Computes and plots conditional densities describing how the distribution of a categorical variable y changes over a numerical variable x.

Usage

cd_plot(x, …)
# S3 method for default
cd_plot(x, y,
  plot = TRUE, ylab_tol = 0.05,
  bw = "nrd0", n = 512, from = NULL, to = NULL,
  main = "", xlab = NULL, ylab = NULL, margins = c(5.1, 4.1, 4.1, 3.1),
  gp = gpar(), name = "cd_plot", newpage = TRUE, pop = TRUE, return_grob = FALSE, …)
# S3 method for formula
cd_plot(formula, data = list(),
  plot = TRUE, ylab_tol = 0.05,
  bw = "nrd0", n = 512, from = NULL, to = NULL,
  main = "", xlab = NULL, ylab = NULL, margins = c(5.1, 4.1, 4.1, 3.1),
  gp = gpar(), name = "cd_plot", newpage = TRUE, pop = TRUE, return_grob = FALSE, …)

Arguments

x

an object, the default method expects either a single numerical variable.

y

a "factor" interpreted to be the dependent variable

formula

a "formula" of type y ~ x with a single dependent "factor" and a single numerical explanatory variable.

data

an optional data frame.

plot

logical. Should the computed conditional densities be plotted?

ylab_tol

convenience tolerance parameter for y-axis annotation. If the distance between two labels drops under this threshold, they are plotted equidistantly.

bw, n, from, to, …

arguments passed to density

main, xlab, ylab

character strings for annotation

margins

margins when calling plotViewport

gp

a "gpar" object controlling the grid graphical parameters of the rectangles. It should specify in particular a vector of fill colors of the same length as levels(y). The default is to call gray.colors.

name

name of the plotting viewport.

newpage

logical. Should grid.newpage be called before plotting?

return_grob

logical. Should a snapshot of the display be returned as a grid grob?

pop

logical. Should the viewport created be popped?

Value

The conditional density functions (cumulative over the levels of y) are returned invisibly.

Details

cd_plot computes the conditional densities of x given the levels of y weighted by the marginal distribution of y. The densities are derived cumulatively over the levels of y.
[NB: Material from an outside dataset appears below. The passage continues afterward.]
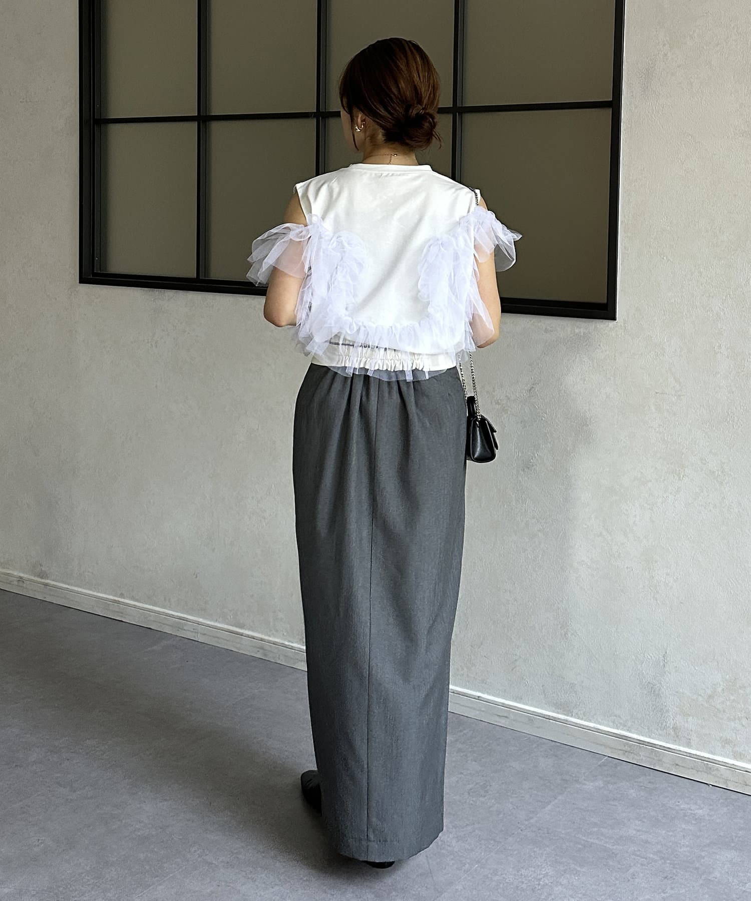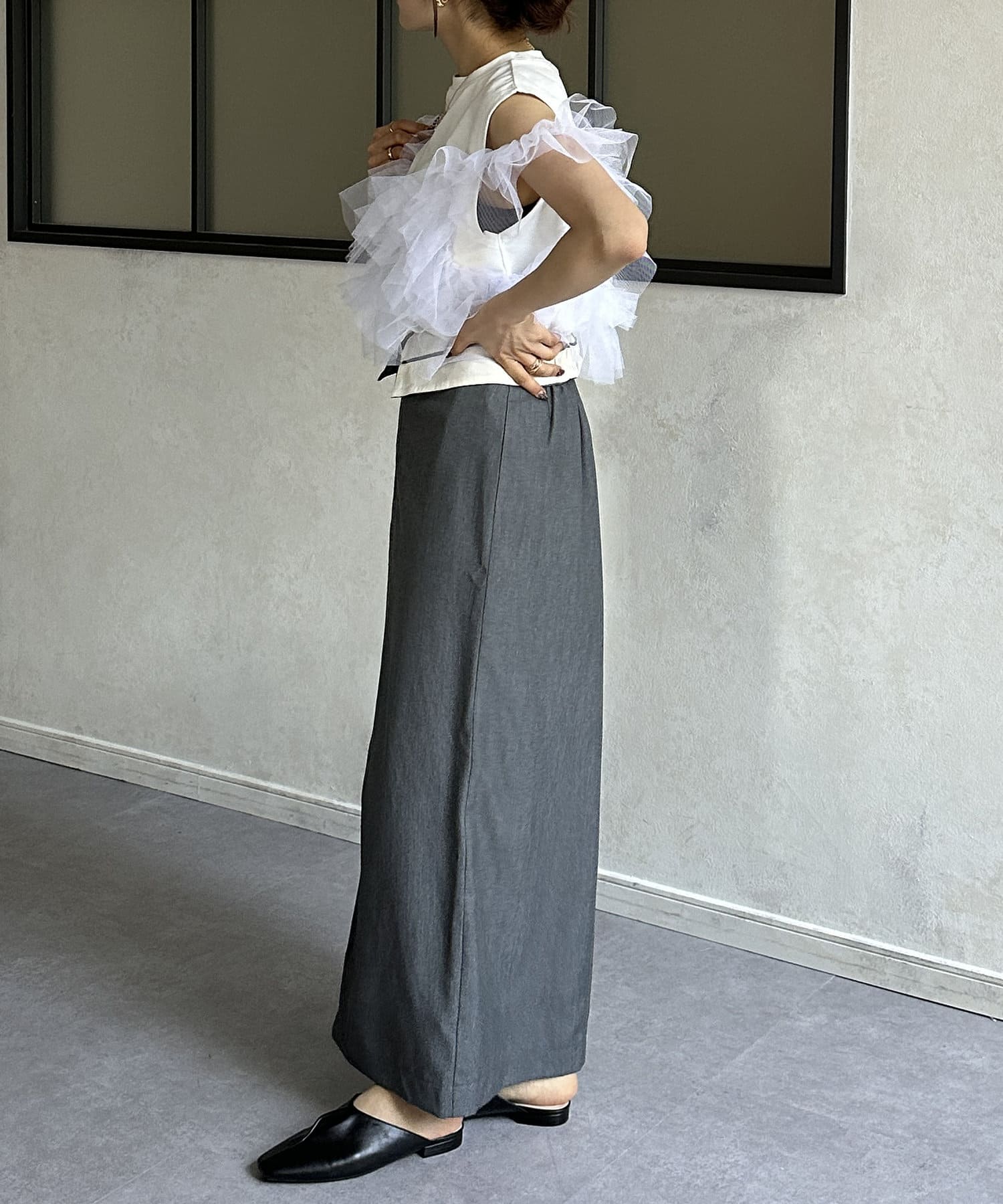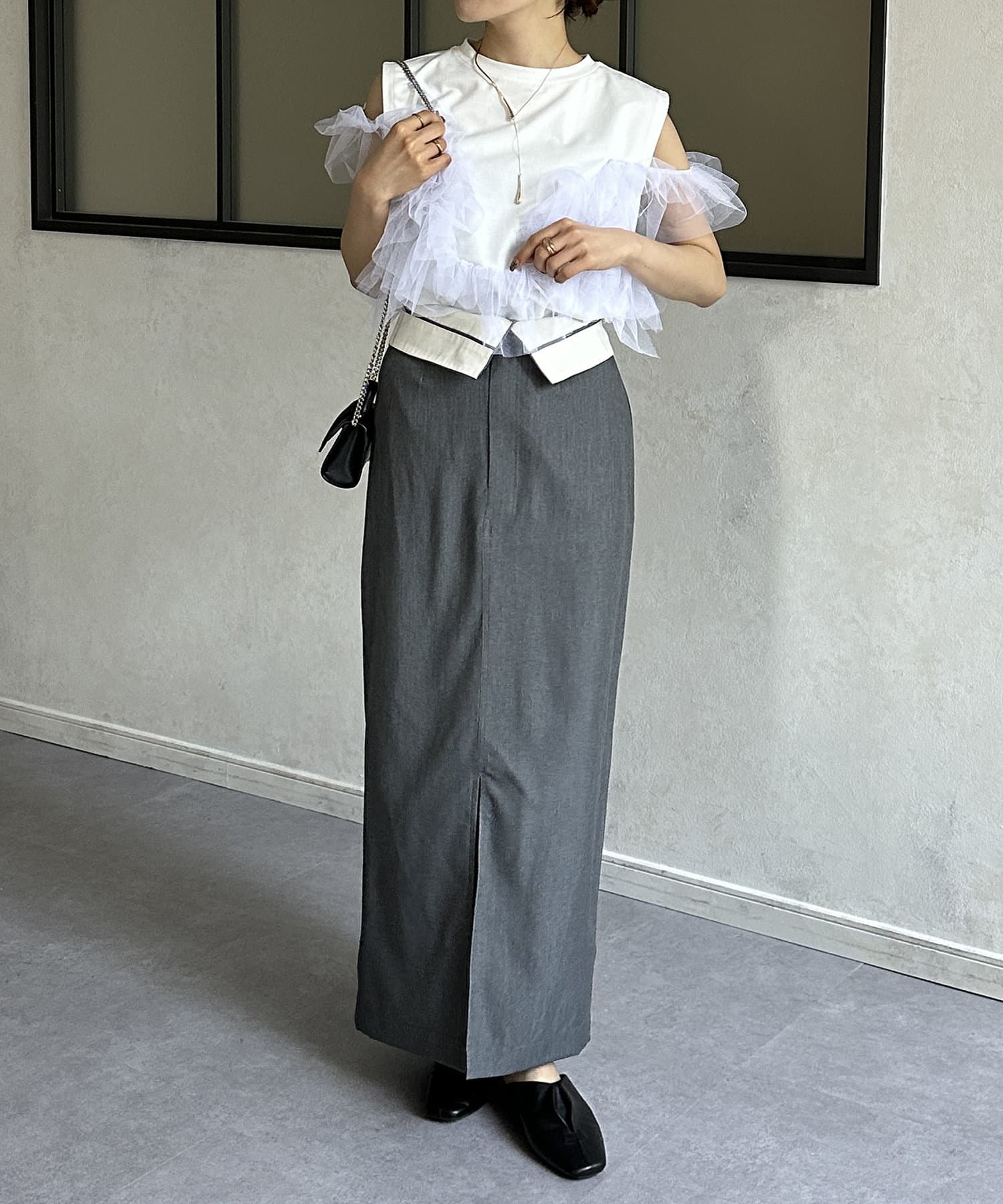 ・ウエストのデザインが特徴なので、折り返してインしやすいニットやブラウスと

This visualization technique is similar to spinograms (see spine) but they do not discretize the explanatory variable, but rather use a smoothing approach. Furthermore, the original x axis and not a distorted x axis (as for spinograms) is used. This typically results in conditional densities that are based on very few observations in the margins: hence, the estimates are less reliable there.

References

Hofmann, H., Theus, M. (2005), Interactive graphics for visualizing conditional distributions, Unpublished Manuscript.

See Also

spine, density

Examples

Run this code
# NOT RUN {
## Arthritis data
data("Arthritis")
cd_plot(Improved ~ Age, data = Arthritis)
cd_plot(Improved ~ Age, data = Arthritis, bw = 3)
cd_plot(Improved ~ Age, data = Arthritis, bw = "SJ")
## compare with spinogram
spine(Improved ~ Age, data = Arthritis, breaks = 3)

## Space shuttle data
data("SpaceShuttle")
cd_plot(Fail ~ Temperature, data = SpaceShuttle, bw = 2)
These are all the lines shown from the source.